Результаты осмотра: миниатюрная, метр шестьдесят, пятьдесят килограммов. Руки мускулистые. Грудь упругая. Большие живые глаза изумрудного цвета. Длинные рыжие ресницы. Маленькая ножка. Глубокое мерное дыхание. Спортивная. Цепкий взгляд. Во рту жвачка. Симпатично держит головку. Наверное, занималась в детстве классическим танцем, отсюда эта грациозность.

«Какую нелепую парочку мы составили бы, если бы стали сотрудничать!» – мелькнуло в голове у Лукреции Немрод. – Комедийная парочка Лорел и Харди, новый вариант».

Она вздохнула.

– Я пришла попросить прощения. В прошлый раз я вела себя невоспитанно.

– Я тоже, – ответил он. – Мы квиты.

– Я не знала, что вы поборник ненасилия.

– Это что-то меняет?

– Такие, как вы, получив пощечину, подставляют другую щеку.

– Это все старомодно. Новые сторонники ненасилия опускают голову, чтобы избежать пощечины. Так они не дают напавшему совершить насильственный акт и смутиться.

– Я вас оскорбила, обозвала идиотом, дураком, му…ком!

Лунообразное лицо расплылось в плотоядной улыбке.

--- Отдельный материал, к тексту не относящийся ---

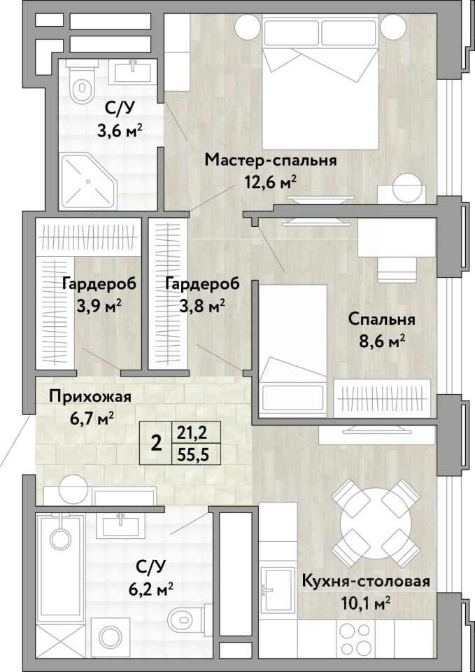2-комн. квартира в ЖК "Сердце Бонивура" на 12 этаже. Квартира без отделки, полностью готова к чистовой отделке и дальнейшему ремонту. Общая площадь: 55.5 кв.м., жилая: 21.2 кв.м., площадь просторной кухни-столовой: 10.1 кв.м. Комнаты изолированные, все окна выходят на одну сторону. В квартире два совмещенных санузла. Высота потолков 2.85 м.
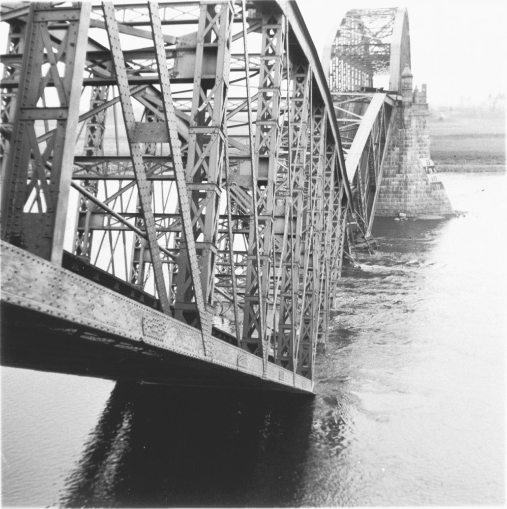 Spoorbrug over de Rijn te Rhenen. Vernield op 13 mei 1940.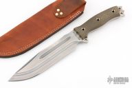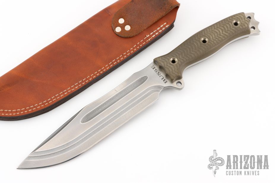 This Hell Razor 2 from Busse features a competition finished blade with fullers and green G-10 scales, .209" blade thickness and 1.810" blade depth, full tang construction. Has large fullers on blade and corrugated bevel technology. Comes with a brown leather sheath. Excellent condition.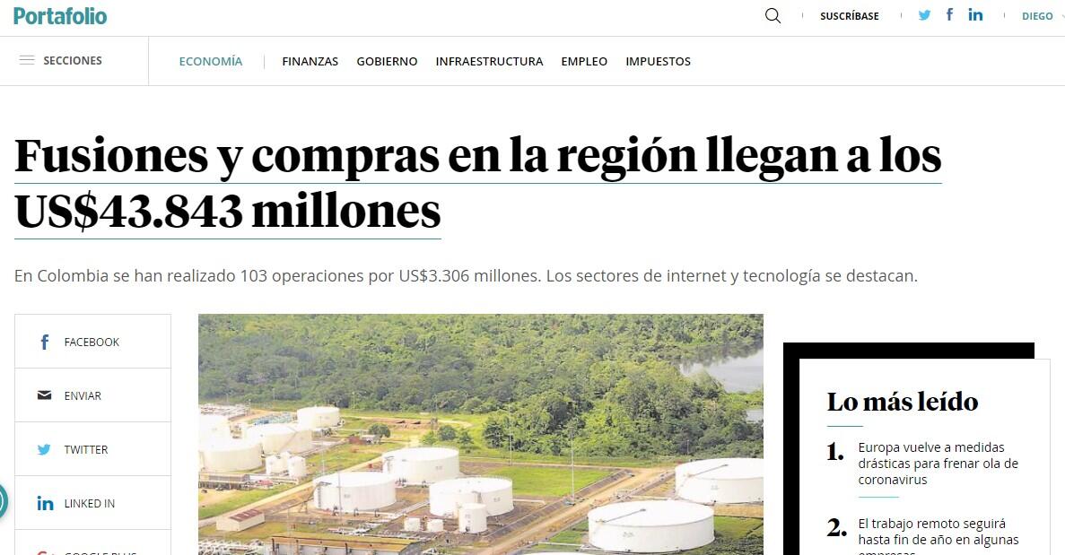 (Colombia sube en ránking de fusiones y adquisiciones).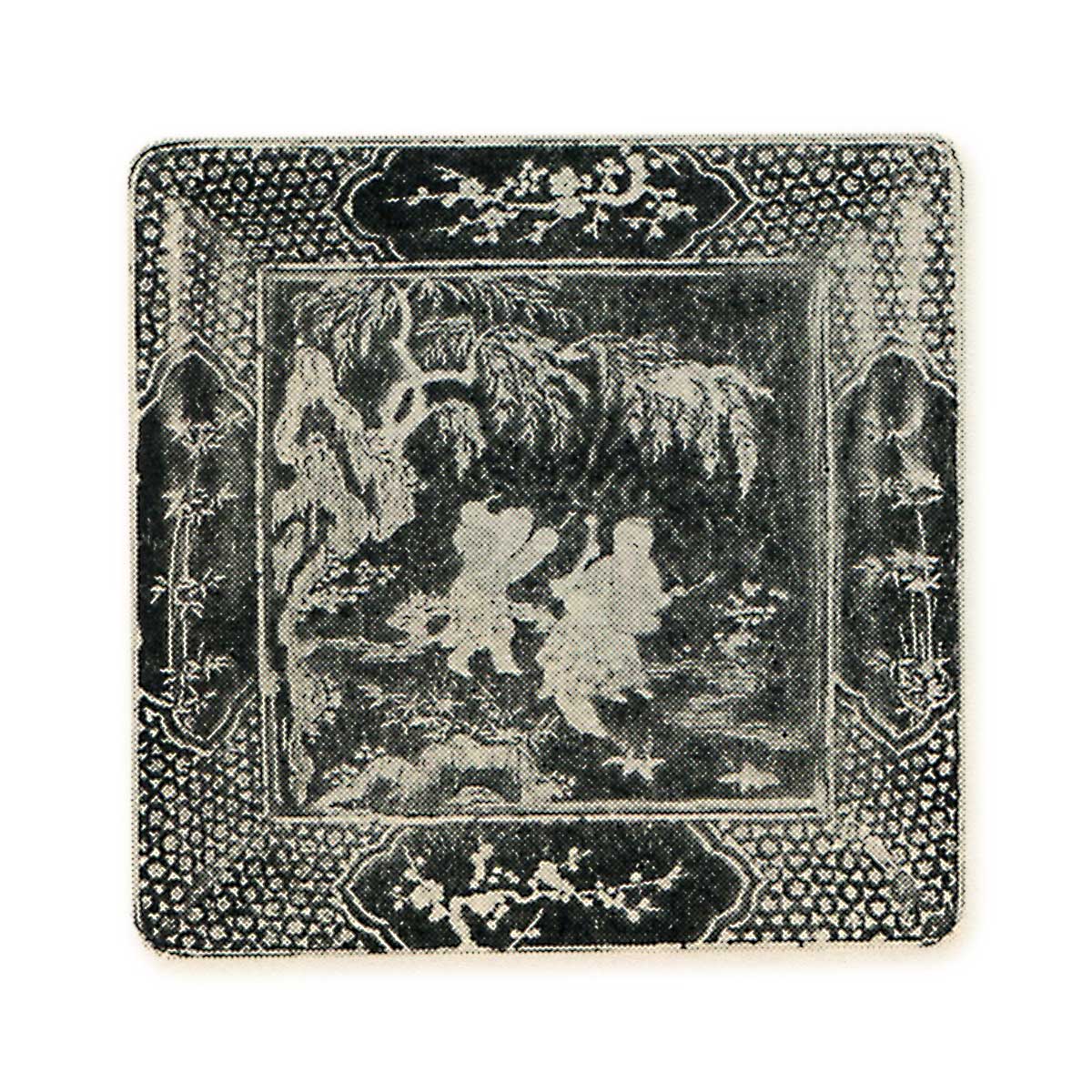青贝四方盆 镜 柳池唐子三人 表 缘梅竹纹样 里缘 唐草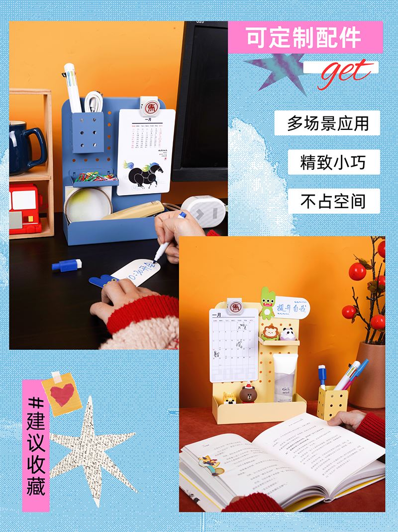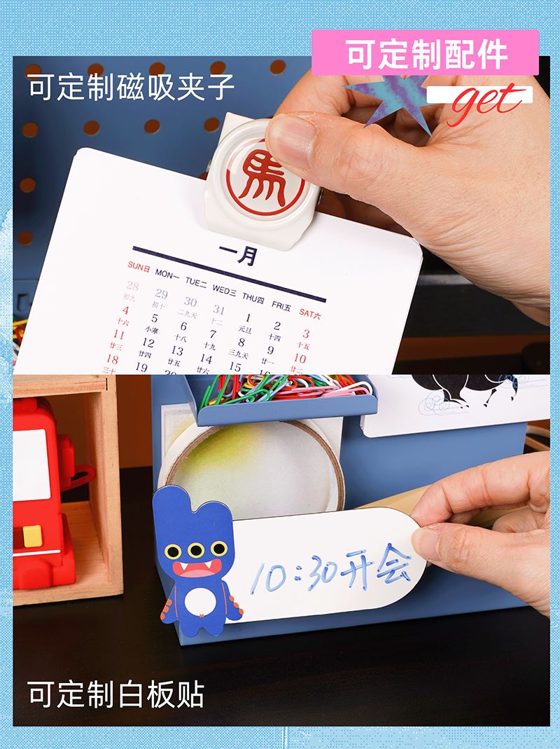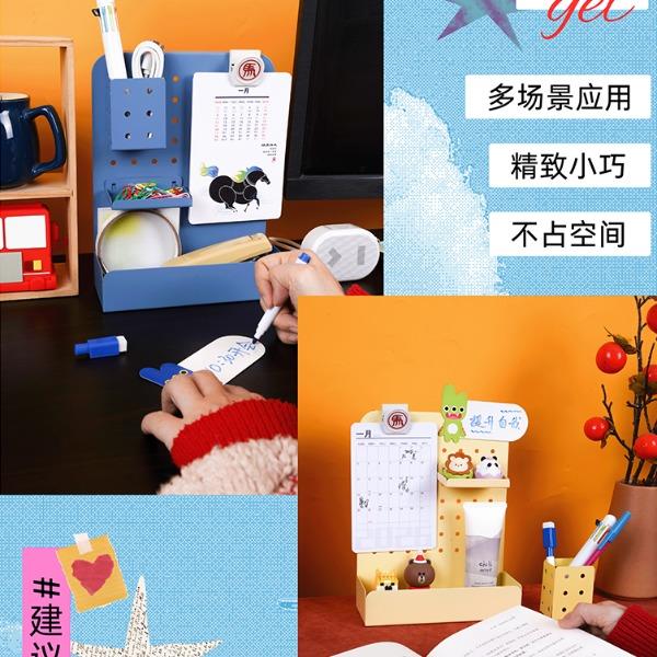 桌面洞洞板*1 23cm*18cm (山影蓝/奶黄色) 挂件笔筒*1 6.5cm*5cm 磁铁夹子*1 3.5cm*3cm 记事月历*1 10cm*15cm 13张 免钉小层架*1 7.5cm*4.5cm 磁吸白板+白板笔*1 11cm*6.5cm 包装盒尺寸:27.5*23.3*10.5cm

– Знаете, что идиот – синоним imbecille, то есть человека, не имеющего посоха? Имеется в виду тот, кто не нуждается в костыле, чтобы не упасть. Но ведь жить без опоры на догму, на жесткий принцип, без оглядки на авторитет – это смело, вы согласны? Вот я и надеюсь как можно дольше оставаться таким идиотом.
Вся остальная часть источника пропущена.